Agent Roster for Contract-Driven N-Layer Delivery

This workflow uses existing AgentArmy agents so routing stays clear and MECE-compliant.

Phase 1: Contract design (single source of truth)

Agent Primary output
business-analyst Use cases, acceptance criteria, domain language
api-designer OpenAPI/GraphQL schema drafts, versioning guidance
integration-architect AsyncAPI/events, integration patterns, EDA boundaries
typescript-pro Shared type library shape (if using shared types)
architect-reviewer Cross-layer architecture review, contract boundaries, ADR-level decisions
agent-distinctiveness-advocate Validates any new/modified agent roles to avoid routing overlaps

Phase 2: Parallel execution (one spoke per layer)

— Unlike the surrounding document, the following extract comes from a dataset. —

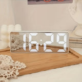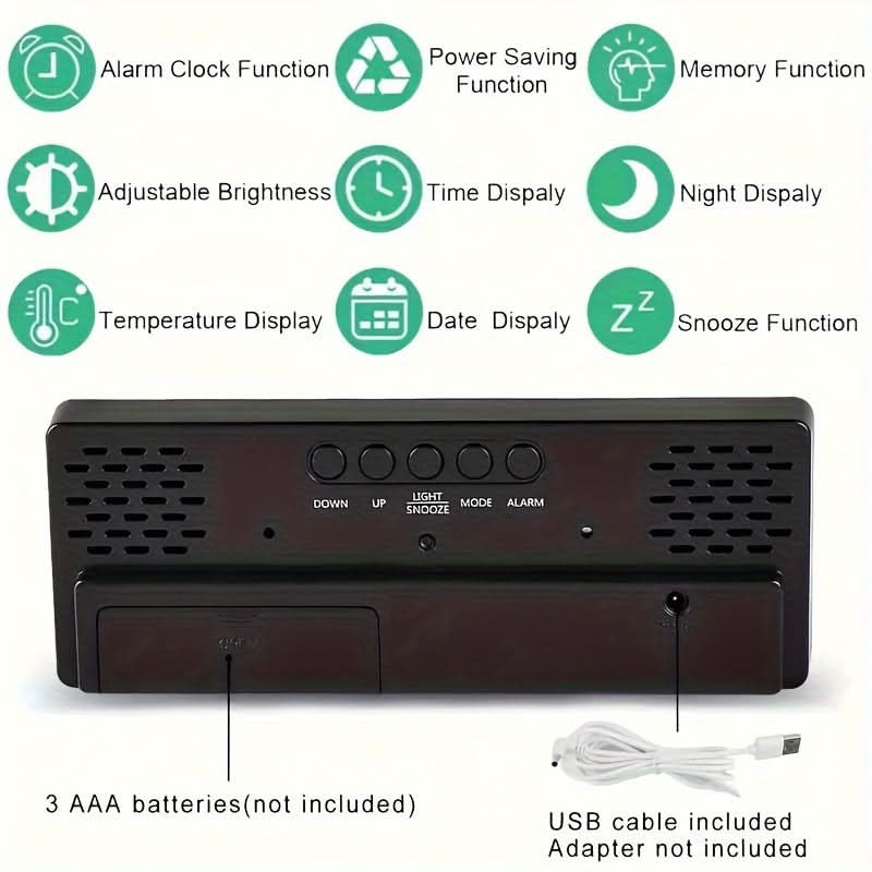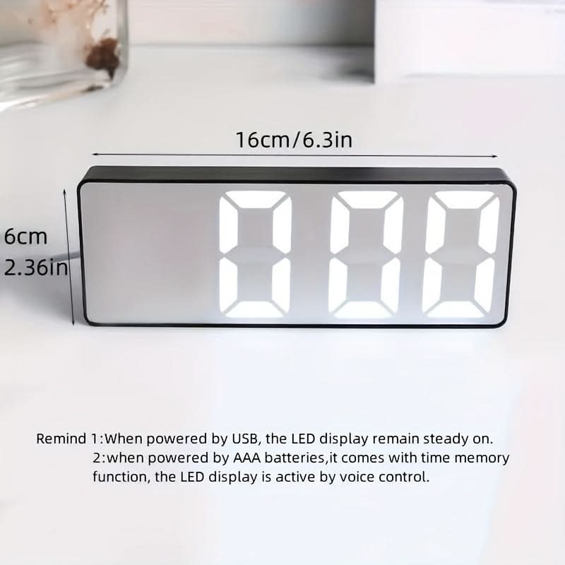 Upgrade your desk or bedroom with this sleek USB-powered LED digital alarm clock, designed for modern living. Featuring a large, easy-to-read LED display, it doubles as a stylish mirror when turned off, adding a contemporary touch to any space. With dual brightness settings and voice control, you can customize it to suit your needs, day or night. The compact, 10mm-thick design ensures it fits perfectly on your nightstand or desk without cluttering your space. Powered via USB, this clock eliminates the need for batteries, making it a convenient and eco-friendly choice. Whether you're setting alarms for work or simply enhancing your home decor, this minimalist clock combines functionality with style. Perfect for bedrooms, offices, and dorm rooms, it’s the ideal blend of practicality and aesthetics.
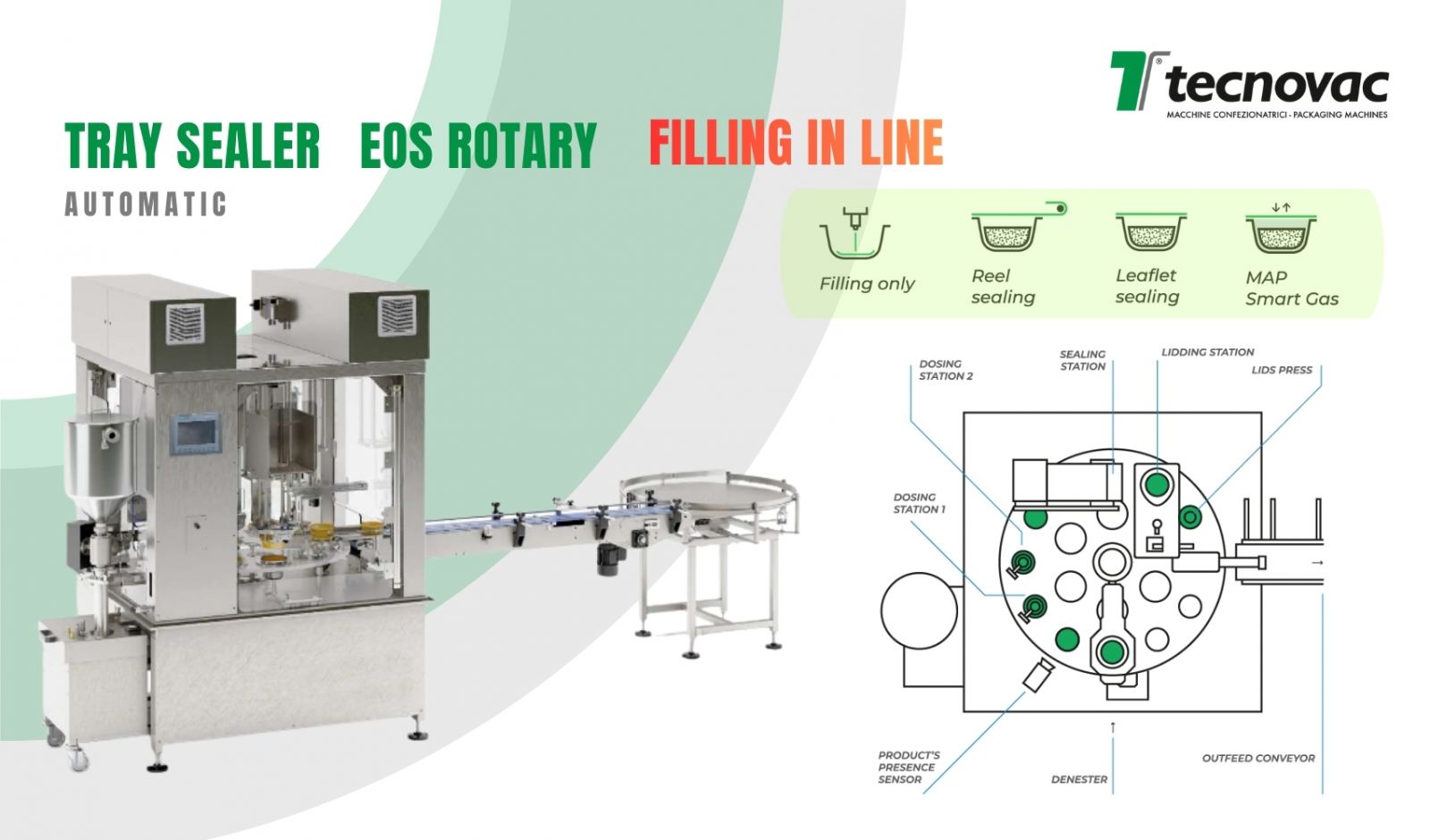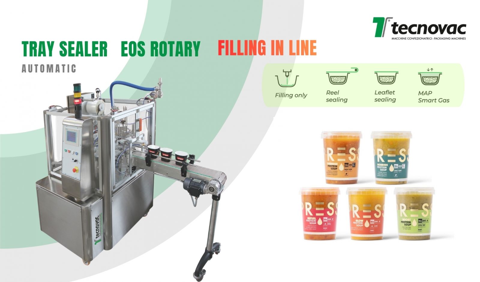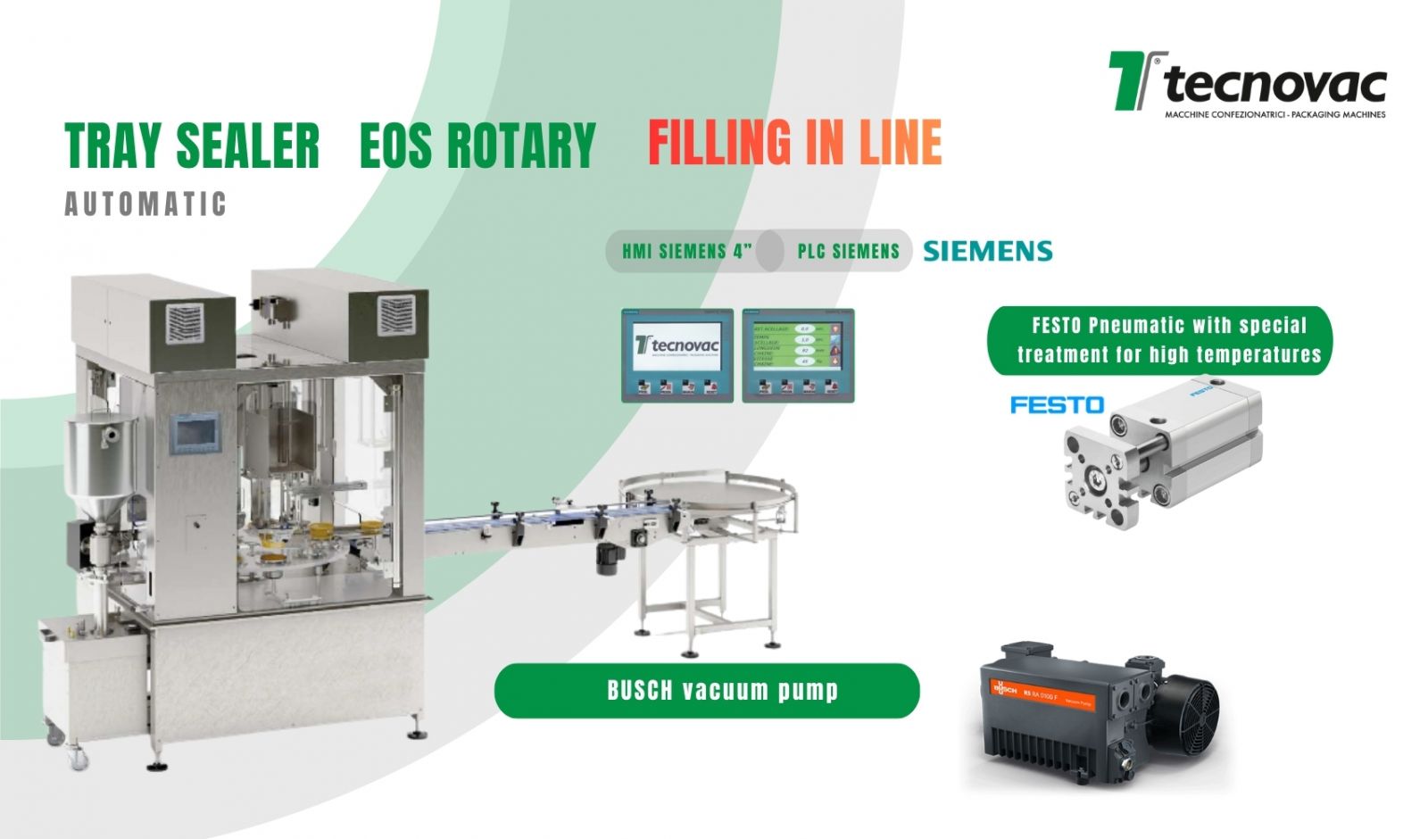 Máy đóng gói tự động EOS hoàn toàn có thể tùy chỉnh, được phát triển để định lượng kem, sữa chua, kem lạnh, súp, nước sốt và các sản phẩm đặc sệt bên trong các bao bì như cốc, xô hoặc khay trước khi được hàn dán màng nhựa hoặc đóng nắp; tất cả đều hoàn toàn tự động.

Run the relevant domain agent(s) inside each spoke repo:

Spoke layer Agents
Web UI frontend-developer, react-specialist, mobile-web-specialist
API backend-developer + language specialist (python-pro, node-specialist, golang-pro, etc.)
Async worker backend-developer, integration-architect
Mobile mobile-developer, expo-react-native-expert, flutter-expert, swift-expert
Data data-engineer, dlt-engineer, sql-pro
Infrastructure devops-engineer, terraform-engineer, kubernetes-specialist, cloud-architect

Phase 3: Integration and hardening (end-to-end)

Agent Primary output
qa-expert End-to-end test strategy, integration test plan
test-automator CI test automation integration across spokes
sre-engineer SLOs, runbooks, reliability requirements
deployment-engineer Release orchestration, rollout/rollback strategy
security-auditor Cross-spoke threat review against real integration points

How GitHub Projects Coordinates N Spokes

Use a single GitHub Projects v2 board as the shared coordination plane across all spokes:

  • Every spoke repo routes issues using the same SAFE conventions (Type/PI/Iteration).
  • The board can contain items from multiple repos, so one view shows end-to-end progress.
  • Each spoke’s CI and automation can update the same board (requires PROJECT_TOKEN configured per repo).

See docs/github-projects.md for field definitions and automation conventions.